Menir : Heh Mon. Maria tu anak – anak gue,,, keluarga gue… terserah gue dong mau gue
apain. ( Berbalik dan berjalan pulang )
Momon : Dasar menir… awas. Besok tak parani kowe,,, tak cegat,,, tak begal… pokok e ati –
ati..! ( berteriak sambil menunjuk – nunjuk ke arah Menir yang berjalan pergi.
Dudungpun pergi berjalan menuju kediaman si Menir. Sedangkan Emak yang mengetahui niat
buruk si Dudung langsung memperingatkan si Momon.
Emak : Momooon. Anakku seng Ganteng. Ati – ati sama si Dudung. Sekarang Dudung ke
rumah Menir untuk mendapatkan hadiah sayembara dari Menir. Sayembara untuk menangkapmu..!!!
Momon : AAAppppaaaaaaAAAAA? Tiidaaaaakkkkkk!!!
Emak : Wes tooo… Ojo Lebay!!
Momon : Yang Bener?
Emak : Enelannn!
Momon : Ciyuuus???
Emak : Hu’um
Momon : Mi apa?
Emak : Momonnnn… wong tuwo di guyoni. Pokok seng ati- ati lo le!
Momon : Engge Mak,,, Emakku saying. ( sambil berjalan pergi )
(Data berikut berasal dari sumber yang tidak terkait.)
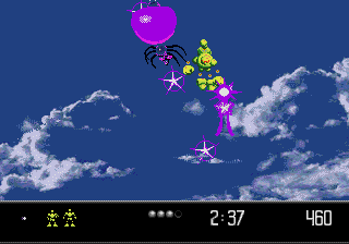 Gameplay: El objetivo del juego sigue siendo el mismo, llegar al final del nivel, avanzado lo más que puedas hacia la derecha, aunque hay 3 escenas que son diferentes. El juego no inicia como otro Side-Scroll, ya que al empezar caerás, solo el primer niveles, y tendrás que manejar a Vectorman mientras cae, esquivando obstáculos y enemigos, y recogiendo protones, los cuales puedes obtener de sacos o en el nivel, al recoger cierta cantidad, puedes obtener una vida y al obtener todos por un nivel, completas al 50% el niveles, el otro 50% lo obtienes al reventar todos los sacos que hay en un nivel, en el primer Vectorman, podías explotar televisiones que te daban up-grades, protones o vida, y tenían un poco de sentido, ya que el malo del juego trasmitía sus discursos en las teles, aqui es algo asi, ya que la Viuda Negra usa los sacos para sus crías. Como dije, si el juego hubiera salido en esta generación, hubiera sido DLC, ya que no hay una mejora sustancial en el modo de juego, lo único nuevo son unas transformaciones y 2 nuevas armas, al explotar los sacos, podrás encontrar las nuevas up-grades, las transformaciones son un pequeño tornado que destruye todo a su paso, esta es la única transformación que encuentras en sacos, ya que las demás son para ciertos niveles, el primero que ves es un submarino que no sirve para mucho, una nave espacial que se controla como la de Asteroids, estas 2 son para niveles bonus, la tercera y ultima se usa 3 veces para niveles completos, un tanque que invierte los controles, las armas nuevas de Vector son un rayo lazer que rebota en las paredes y otro que no, muy pobre el asunto, aunque algo totalmente nuevo es el poder absorber ciertos enemigos y obtener su habilidad, esta un búho raro que te de un escudo de invencibilidad, un rinoceronte que te da una tremenda fuerza y un cuerno y por ultimo esta un escorpión que te da una cola, inmunidad al fuego y ya.

Apa iya si Dudung tega,,, diakan Sohibku ( ( sambil berpikir )
➢ TEMA : PERCINTAAN
Tema drama ini ialah tentang percintaan yang di balut suasana penjajahan zaman
dahulu.
➢ ALUR/PLOT : Alur Maju
Alur yang digunakan adalah alur maju karena diceritakan secara runtut dari awal hingga
akhir cerita.
a. Pelukisan Awal Cerita
“Pada zaman dahulu kala hiduplah sorang pemuda gagah berani dari kota Malang. Ia
bernama Si Momon . Ia tinggal di sebuah desa di selatan kota Malang yang bernama desa Kebon
Sari. Dan di desanya pula ia dikenal sebagai jagoan silat.Tak segan ia membantu orang lain yang
membutuhkan bantuan. Sejak desa Kebon Sari di datangi oleh Sekutu , sering terjadi bentrok, antara
penduduk pribumi dengan Bule – bule Sekutu…. Sampai pada suatu hari datanglah Menir dengan
kedua putrinya dan 1 pengawalnya datang ke desa untuk mencari makan siang”.
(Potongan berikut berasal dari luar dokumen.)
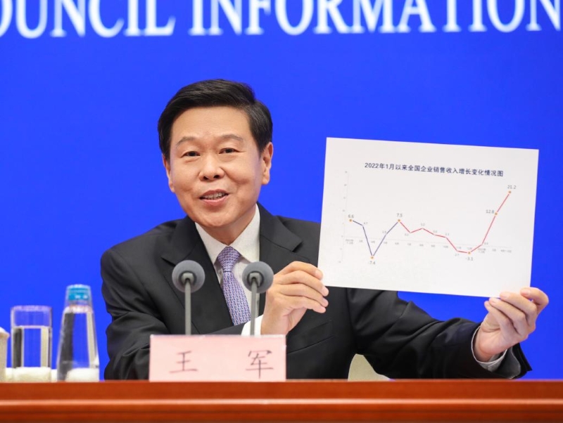 發(fā)布會(huì)上,王軍拿出一張圖,現(xiàn)場(chǎng)展示了2022年1月至2023年4月5日全國企業(yè)銷售收入增長變化情況。

b. Komplikasi atau Pertikaian Awal
“Keesokan harinya Maria dan Lala sedang berjalan – jalan di taman . Tak sengaja Maria
bertemu dengan Si Momon. Maria dan Si Momonpun saling memandang dari kejauhan dan pada
saat itulah muncul benih – benih cinta diantara mereka berdua”.
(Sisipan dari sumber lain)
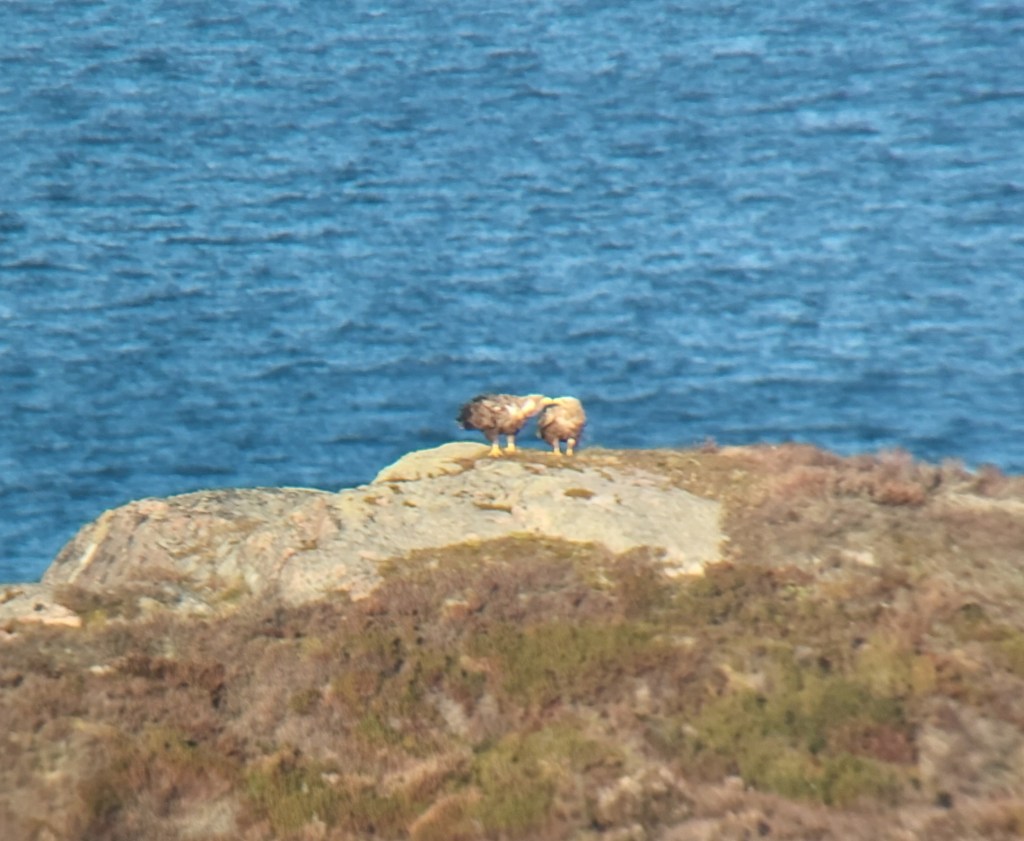 Linnuston kohokohtia olivat kärjen yli äännellen lentänyt keltahemppo sekä kaukana merellä itään mennyt allihaahka parvi. Parvi meni varsin kaukaa, mutta näytti sisältäneen ainakin 13 koirasta ja 3 naarasta. Osa naaraista saattoi tosin jäädä etäisyyden vuoksi näkemättä. Koiraat kun hohtavat valkeina ja naaraat jäävät tummina hieman pimentoon. Allihaahkat saattoivat laskeutua Träskön länsipuolelle. Ainakin kun lensivät Segelkobben nimisen saaren taakse, eivät tulleet enää toiselta puolelta esiin. Merellä meni myös jonkin verran mustalintuja, pilkkasiipiä sekä valkoposkihanhia, eli arktika on jo kunnolla käynnissä!

c. Klimaks atau Titik Puncak Konflik
“Setelah itu di rumah menirr …
Menir yang merasa kesal sekaligus takut akan ancaman Si Momon , menyuruh pengawal untuk
mengadakan Sayembara untuk menangkap si Momon dan membawanya ke hadapan Menir untuk di
bunuh.
(Pengawal menyebarkan selebaran Sayembara untuk menangkap Si Momon. )”
d. Penyelesaian
“Saat Si Momon sedang merasakan kesakitan , Dudung sangat menyesal dan dia langsung merebut
pistol yang ada pada pengawal lalu dia langsung menembak kea rah Menir)
Dudung : (Merebut dan menembak Menir )Meniirrrrrrr!!!
Backsound : Battle 38
Dan akhirnya peluru itu menancap tepat di dadanya Si Menir. Menirpun tidak selamat,dan akhirnya
meninggal.
Dan pada akhirnya berkat perjuangan Momon. Mereka hidup dengan tentram dan bahagia. Hidup
saling berdampingan….Maria memutuskan tetap tinggal di Desa KebonSari dan menikah dengan Si
Momon. Da Adiknya Lala kembali ke Negaranya…”
➢ KARAKTER/PENOKOHAN :
Si Momon : Seorang pemuda gagah berani, suka membantu dan menolong orang lain.
Menir : Serang yang sombong, congkak, kasar.
Maria : Seseorang yang mudah jatuh cinta, sayang kepada Momon.
Lala : Adik yang menyayangi kakaknya Maria.
Dudung : Seseorang yang tidak konsisten. Seorang sahabat yang awalnya setia kepada
Momon tetapi karena uang ia berkhianat dengan Momon, kemudian menyesal akan
perbuatannya sehingga kembali menolong Momon.
Pengawal : Seseorang yang mengikuti perintah tuannya selayaknya pegawal pada umumnya.
➢ SETTING/LATAR :
a. Latar tempat : Desa kebon sari, di kedai makan Emak, di rumah Menir, di taman, di lapangan.